It’s also worth noting that even if he had sought one, there is no reciprocal term that Coover could have used to deem Malloy a progenitor. “The grandmammy of hypertext fiction”? The “grand dame of hypertext fiction”? That would not work.
Put bluntly, the language to represent Judy Malloy’s achievement did not exist for Coover. He’s a wily guy, and he could have invented something. But it was not thinkable: to look to the west coast for literary origin, to esteem comedy more than tragedy, to recognize coterie distribution over a press, to praise a single mom with a Bachelor’s degree over a young male novelist with a print novel under his belt, and an MFA from the Iowa Writer’s Workshop. Such are the human judgments that launch a million clicks.
Coover didn’t invent “granddaddy” to describe Michael Joyce’s fiction. He invented Michael Joyce to inhabit “granddaddy.” In 1992, I wonder whether folks at Vassar, where Michael Joyce teaches, noted Coover’s pronouncement. Maybe someone cut it out from the Times and taped on the door of the English department or tacked it on a cork bulletin board. It would not have been conceivable in 1992 that the impact of that endorsement would be measurable, let alone field-defining, 20 years hence. But distant reading permits us to see just that.

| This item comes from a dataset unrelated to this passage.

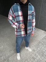 Чоловіча Байкова Синя Сорочка Оверсайз – Вільного Крою у Велику Клітку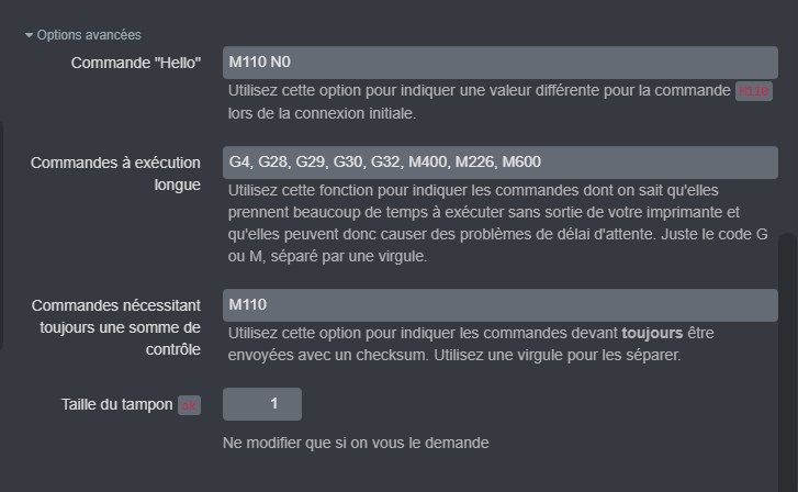 fran6p Posté(e) Février 21, 2021 Posté(e) Février 21, 2021 @Christian67 Dans Octoprint, clic sur la «clé» pour ouvrir la fenêtre des paramètres d'Octoprint. Imprimante / Connexion série, onglet «firmware et protocole», section «réglage fin du protocole», option avancée, ajoute les commandes Gcode qui prennent du temps dans la liste «commandes à exécution longue». Voici ma liste :

By way of conclusion I return to Alan Liu’s argument about the “crisis of meaning” in the humanities. I offer you a tableau. Duke University’s Rubenstein Library purchased Judy Malloy’s Papers. The collection features Judy’s
• Printed Materials
• Notebooks
• Early Artists Books
• Writings and Programming
• Exhibitions, Talks and Readings
• Correspondence
• Media by Other Artists and
• Personal Materials
It is 15.6 linear feet. 13,200 items.
Judy herself, however, has a 1-semester Anschutz Distinguished Fellowship in American Studies at Princeton this fall. She continues to seek a university job.
This is the signal gesture of the neoliberal university: to regard thinkers as content providers. To make financial commitments toward what can be digitized (and scaled) but less and less to people themselves. Code expertise is no safeguard. Publication is no safeguard. Collegial esteem and prolific output are no safeguard.
Last night Willard McCarty said, you do it for love. I see that, feel that, and yet am suspicious of that.
Post-Script
October 17, 2013
Judy Malloy notes this correction: “[T]oday being #ADL13 [Ada Lovelace Day] I have a request. In your otherwise wonderful article about Uncle Roger, you say that I am a self taught programmer. Actually that isn’t true. I did a graduate seminar in Systems Analysis at the University of Denver and I took a company sponsored course in FORTRAN when I worked at Ball Brothers Research Corporation in Boulder, where I headed a team that created a computerized library catalog in 1969, a time when this was an accomplishment. However, I did teach myself UNIX shell scripts and BASIC in order to create Uncle Roger. Generally it isn’t to difficult to move between similar systems.”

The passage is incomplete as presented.